Efficiently Listing and Filtering S3 Objects by Date
When working with AWS S3 buckets, it’s common to have a large number of objects stored, and you might need to filter them based on certain criteria like dates. This blog post will guide you on how to efficiently list and filter S3 objects by date using Python and the boto3 library.
Why Filtering by Date is Important
In scenarios where S3 buckets store logs, backups, or other timestamped data, retrieving only the relevant files based on year, month, and day can save both time and resources. Instead of fetching all the files and filtering them later, we can directly retrieve files from specific time periods by structuring S3 paths that contain date information.
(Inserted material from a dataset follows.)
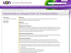An interesting historical fact about how handcarts benefitted to the Mormon pioneers is the context behind this math lesson. Using given facts and figures regarding the handcart, pupil pairs create math word problems, share them with the...

S3 Folder Structure Example
Assuming the structure of your S3 paths contains a date as part of the key, an example structure could look like this:
bucket-name/activity/2024/08/28/filename1.parquet
bucket-name/client/2024/08/28/filename2.parquet
bucket-name/transactiondetails/2024/08/29/filename3.parquet
Here, the folder structure represents year, month, and day, allowing us to filter objects easily based on a given date.
Efficient S3 Object Listing: Complete Code
Below is the complete code snippet for listing and filtering S3 objects by date. This code will retrieve objects from the S3 bucket based on a folder structure that includes year, month, and day, while handling pagination for large result sets.
import boto3
# Create a session using Boto3 (make sure you have your AWS credentials configured)
session = boto3.Session()
s3_client = session.client('s3')
def list_s3_objects_by_date(bucket_name, folder, year, month, day):
"""
Lists objects in an S3 bucket filtered by year, month, and day.
:param bucket_name: Name of the S3 bucket.
:param folder: Folder prefix (e.g., 'activity', 'client').
:param year: The year to filter by (e.g., '2024').
:param month: The month to filter by (e.g., '08').
:param day: The day to filter by (e.g., '28').
:return: A list of objects with their names and last modified dates.
"""
# Prefix representing the directory structure we want to filter by
prefix = f"{folder}/{year}/{month}/{day}/"
continuation_token = None
all_objects = []
while True:
if continuation_token:
response = s3_client.list_objects_v2(
Bucket=bucket_name, Prefix=prefix, ContinuationToken=continuation_token
)
else:
response = s3_client.list_objects_v2(Bucket=bucket_name, Prefix=prefix)
if 'Contents' in response:
objects = response['Contents']
# Extract name and last modified date for each object
all_objects.extend([(obj['Key'], obj['LastModified']) for obj in objects])
if response.get('IsTruncated'): # More objects to fetch
continuation_token = response['NextContinuationToken']
else:
break
return all_objects
# Example usage
bucket_name = 'your-bucket-name'
folder = 'activity'
year = '2024'
month = '08'
day = '28'
objects = list_s3_objects_by_date(bucket_name, folder, year, month, day)
for obj in objects:
print(f"Object: {obj[0]}, Last Modified: {obj[1]}")
Step-by-Step Explanation
- Session Setup: The
boto3.Session()is used to create a session with AWS credentials that are already configured in your environment. - list_s3_objects_by_date Function: This function filters the objects in the S3 bucket by specifying a folder path that includes the year, month, and day. It efficiently handles pagination using the
ContinuationTokento ensure that all objects are retrieved. - Handling Pagination: If there are more than 1,000 objects, the function loops through and retrieves additional batches until all objects are processed.
- Object Details: For each object, the function retrieves the object’s key (name) and last modified date.
Example Output
If objects are found in the specified path, the function will return the object names and their last modified dates:
Object: activity/2024/08/28/filename1.parquet, Last Modified: 2024-08-28 12:34:56
Object: activity/2024/08/28/filename2.parquet, Last Modified: 2024-08-28 13:22:30
Conclusion
Filtering objects in S3 by date can be efficiently done by structuring your folder paths in a way that includes date information (year/month/day). With the boto3 library in Python, we can easily list and filter objects based on this structure. For large datasets, handling pagination ensures that you retrieve all relevant files without missing any.